Selection of a condition by a range that includes strings (letter numbers)-CodePudding

Please help. I have two tables: 1 report and 1 data file.

The data table is presented as follows:

PATIENTS_ID	POL	Age	ICD10
10848754	0	22	H52
10848754	0	22	R00
10848754	0	22	Z01
10848754	0	22	Z02
10850478	1	26	H52

And etc.

The report file asks to collect the following data:

ICD10	Male (20-29)	Male (30-39)	Female (20-29)	Female (30-39)
C00 - C97
E10 - E14
I00 - I99

So... I need to collect all "ICD10" data which include the gap between C00 to C99, and aggregate together with gender and age span. I know that in SQL there is a "BETWEEN " that will quite easily build a range and select values like this without additional conditions: "C00, C01, C02". Is there something similar in python/pandas?

Logical expressions like ">= C00 <= C99" will include other letters, already tried. I would be grateful for help. Creating a separate parser/filter seems too massive for such a job.

CodePudding user response：

I'll assume that Excel can be used for a solution.

Lets say PATIENS_ID is column A.... ICD10 is column D. You can use this expression to count in range:

=COUNTIFS(D:D,">=C00",D:D,"<=C99")

I'll assume that "POL" is gender and 0 is male. So formula for Male (20-29) and ICD10 C00 - C99 would be:

=COUNTIFS(D:D,">=C00",D:D,"<=C99",C:C,">=20",C:C,"<=29",B:B,"0")

CodePudding user response：

If there is only one letter as "identifier", like C02, E34, etc. you can split your column ICD10 into two columns, first one is the first character of ICD10, and second are the numbers.
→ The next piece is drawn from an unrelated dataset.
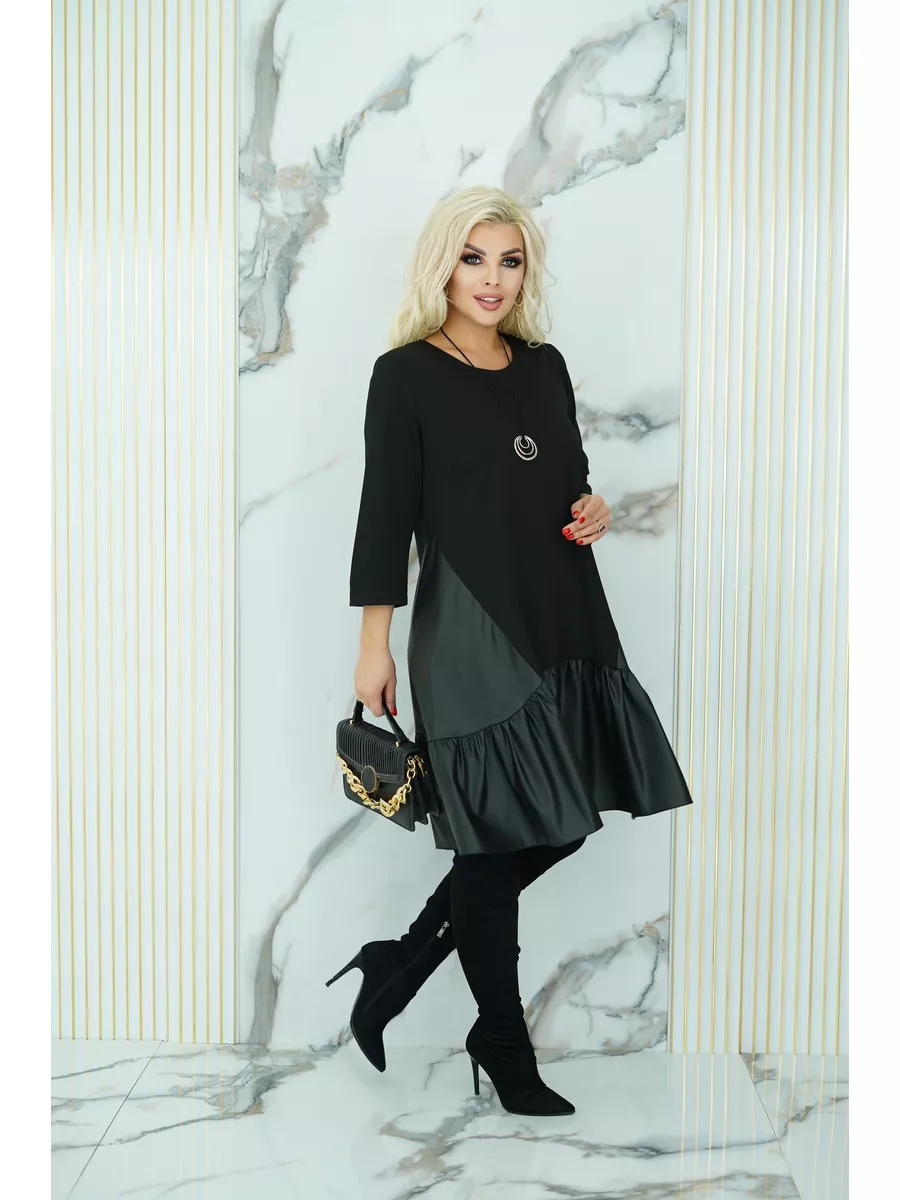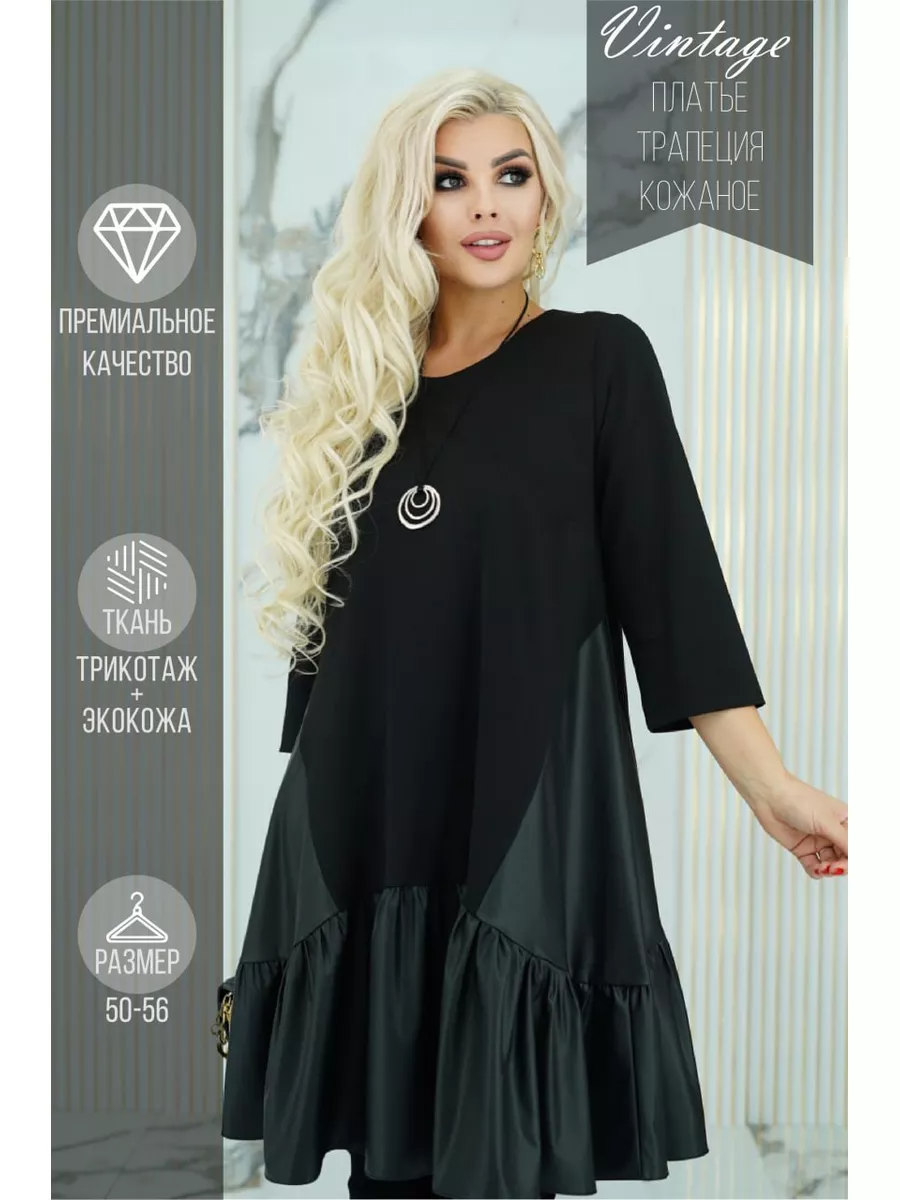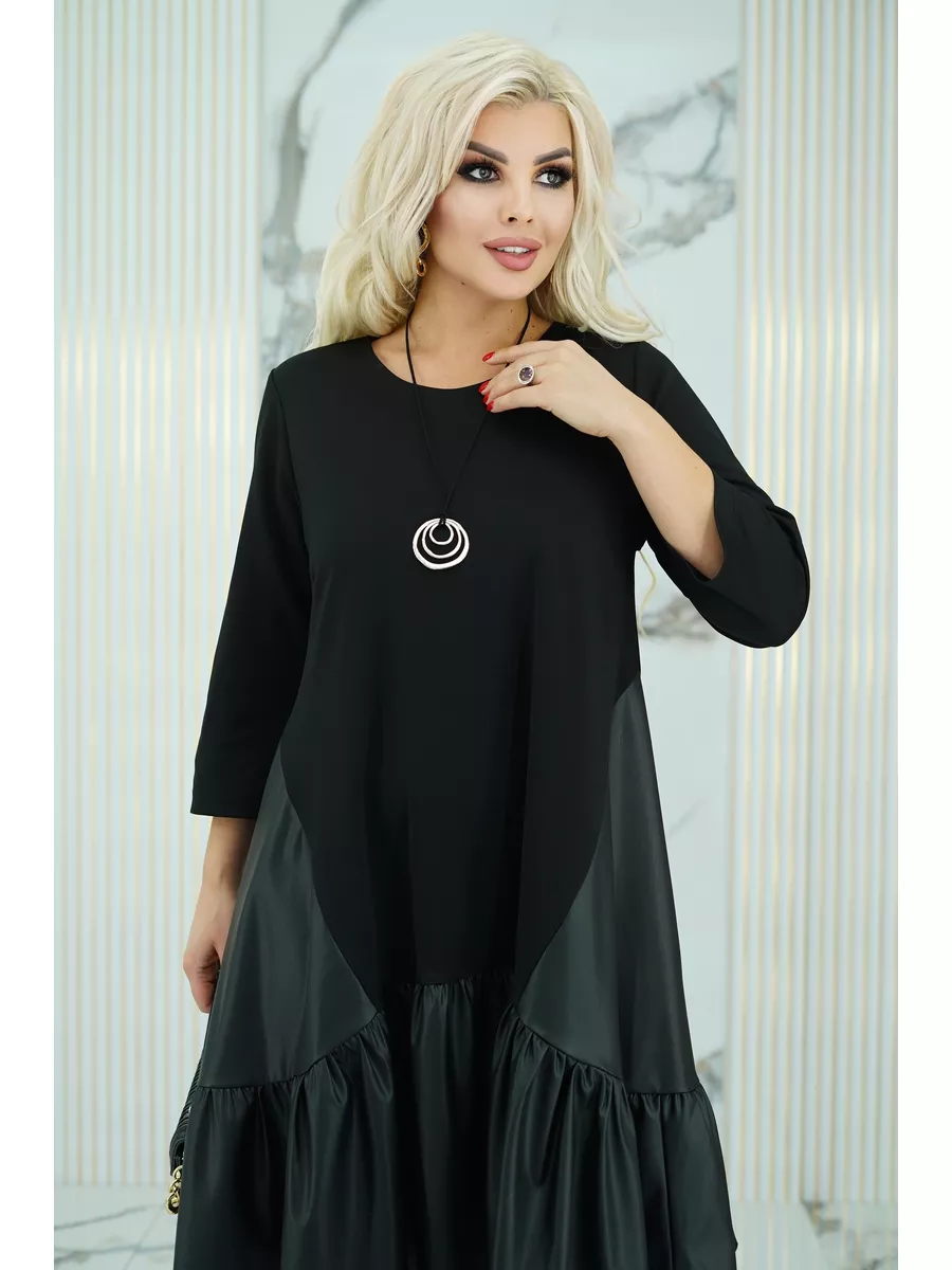 [S-5XL]💃 Elegancka retro丨Patchworkowe plisy丨Czarna sukienka o kroju litery A z rękawami trzy czwarte

df.loc[:, "Letter_identifier"] = df["ICD10"].str[0]

df.loc[:, "Number_identifier"] = df["ICD10"].str[1:].astype(int)

Then you can create a masks like:

(df["Letter_identifier"] == "C") & (df["Number_identifier"] > 0) & (df["Number_identifier"] <= 99)

You can split your dataframe as shown, aggregate on those sub-dataframes and concat your result.